L’équilibre des forces dans le nord-est de la Syrie connaît une mutation significative en ce début de semaine. Alors que la région était sous l’administration quasi exclusive des Forces démocratiques syriennes (FDS) depuis plusieurs années, des mouvements de troupes observés ce lundi marquent le début d’une nouvelle phase de collaboration militaire, conséquence directe d’accords récents impliquant des puissances étrangères.
Un convoi de camions militaires a fait son entrée dans la ville de Hasakah quelques heures seulement après l’instauration d’un couvre-feu par les FDS. Selon les observations rapportées par Al Jazeera, environ 150 membres du personnel de l’armée syrienne composaient ce détachement initial. Teresa Bo, correspondante présente aux abords de la ville, décrit une transition visible sur le terrain : des points de contrôle, jusqu’alors tenus par les forces kurdes, sont désormais opérés par des soldats de l’armée régulière.
Ce déploiement ne se limite pas à une simple présence symbolique. Il constitue la première étape de la mise en œuvre d’un accord de cessez-le-feu soutenu par les États-Unis. Ce pacte, conclu vendredi dernier, prévoit l’intégration de brigades des FDS au sein d’une division militaire rattachée à l’État central. Outre Hasakah, les forces gouvernementales sont attendues dans les villes de Kobané et Qamishli, où elles devraient occuper des bâtiments officiels dans les zones dites de sécurité.
La dimension politique de cette manœuvre est soulignée par la réaction de Washington. Les États-Unis, alliés historiques des FDS dans la lutte contre l’État islamique, ont salué cet accord comme une étape vers l’unité nationale. Cette évolution intervient dans un contexte de reconfiguration du pouvoir à Damas, suite à la chute de l’ancien président Bachar al-Assad en décembre 2024 et l’arrivée au pouvoir du président Ahmed al-Sharaa, avec qui l’administration Trump a entrepris de tisser des liens.

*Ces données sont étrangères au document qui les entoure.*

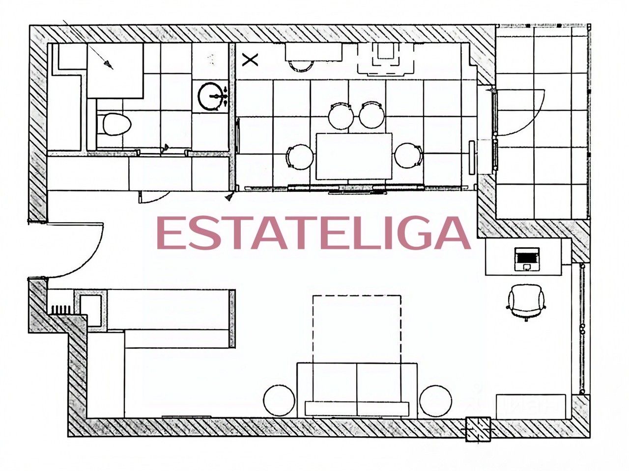 Функциональная планировка квартиры, разработанная по индивидуальному дизайн-проекту: кухня с выходом в лоджию с панорамным остеклением, спальная комната, совмещенный санузел, холл с местами для хранения.

L’accord stipule également la fusion des organes de gouvernance des zones tenues par les FDS avec les institutions étatiques. L’agence de presse syrienne SANA a confirmé que des forces du ministère de l’Intérieur avaient également commencé leur déploiement dans les zones rurales proches de Kobané, illustrant la volonté du nouveau gouvernement de centraliser l’autorité après 14 années de conflit et de fragmentation territoriale.